Make sure ZKFC and JN's should be running when you do this activity.
Once the namenode is started, check if its showing Active status in ambari UI. If YES, wait for namenode to come outof safemode.
If the namenode doesnot show active please check the ZKFC and Namenode logs.
Once the namenode is out of safe mode start the other namenode and check the status in Ambari UI.
Let me know if that helps.
Created 10-24-2016 01:34 PM
I face problems during starting the zkFailoverControllers, it turns donw automatically after being started for few seconds.
Created 10-24-2016 01:54 PM
Hi @Jessika314_ninja,
It looks like the NameNodes cannot contact the Journal Nodes - can you check the JNs are running.
You say the zkfc stops after starting it - can you share some of the last 2-500 lines of log from it?
Thanks
Dave
Created 10-24-2016 02:16 PM
the JNs are running.
here is the ZKFC log
Refused 2016-10-24 15:10:43,506 INFO ipc.Client (Client.java:handleConnectionFailure(874)) - Retrying connect to server: hdpmaster1/192.168.1.161:8020. Already tried 0 time(s); retry policy is RetryUpToMaximumCountWithFixedSleep(maxRetries=1, sleepTime=1000 MILLISECONDS) 2016-10-24 15:10:43,506 WARN ha.HealthMonitor (HealthMonitor.java:doHealthChecks(211)) - Transport-level exception trying to monitor health of NameNode at hdpmaster1/192.168.1.161:8020: java.net.ConnectException: Connection refused Call From hdpmaster1/192.168.1.161 to hdpmaster1:8020 failed on connection exception: java.net.ConnectException: Connection refused; For more details see: http://wiki.apache.org/hadoop/ConnectionRefused
Created 10-24-2016 03:03 PM
Ok this is due to NN not being active.
Did you start your NameNode as user HDFS? What are the permissions on the journal node directories?

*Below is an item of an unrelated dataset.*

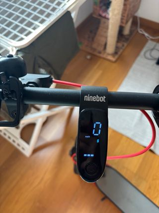 Patinete eléctrico de la marca Ninebot. Cuenta con una pantalla digital que muestra la velocidad en km/h y el nivel de batería. - Pantalla digital. - Indicador de velocidad (km/h). - Indicador de nivel de batería.
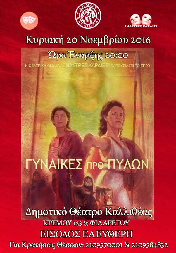 Την Κυριακή 20 Νοεμβρίου 2016, η θεατρική ομάδα “Έναστρες Καρδιές” δίνει την τελευταία παράσταση στο δημοτικό θέατρο Καλλιθέας με το έργο “Γυναίκες προ Πυλών”.

AccessControlException: Access denied for user root. Superuser privilege is required 2016-10-24 11:26:12,138 WARN namenode.FSEditLog (JournalSet.java:selectInputStreams(280)) - Unable to determine input streams from QJM to [192 .168.1.161:8485, 192.168.1.162:8485, 192.168.1.163:8485].
Can you make sure your journalnodes are runnign as hdfs and also your namenodes?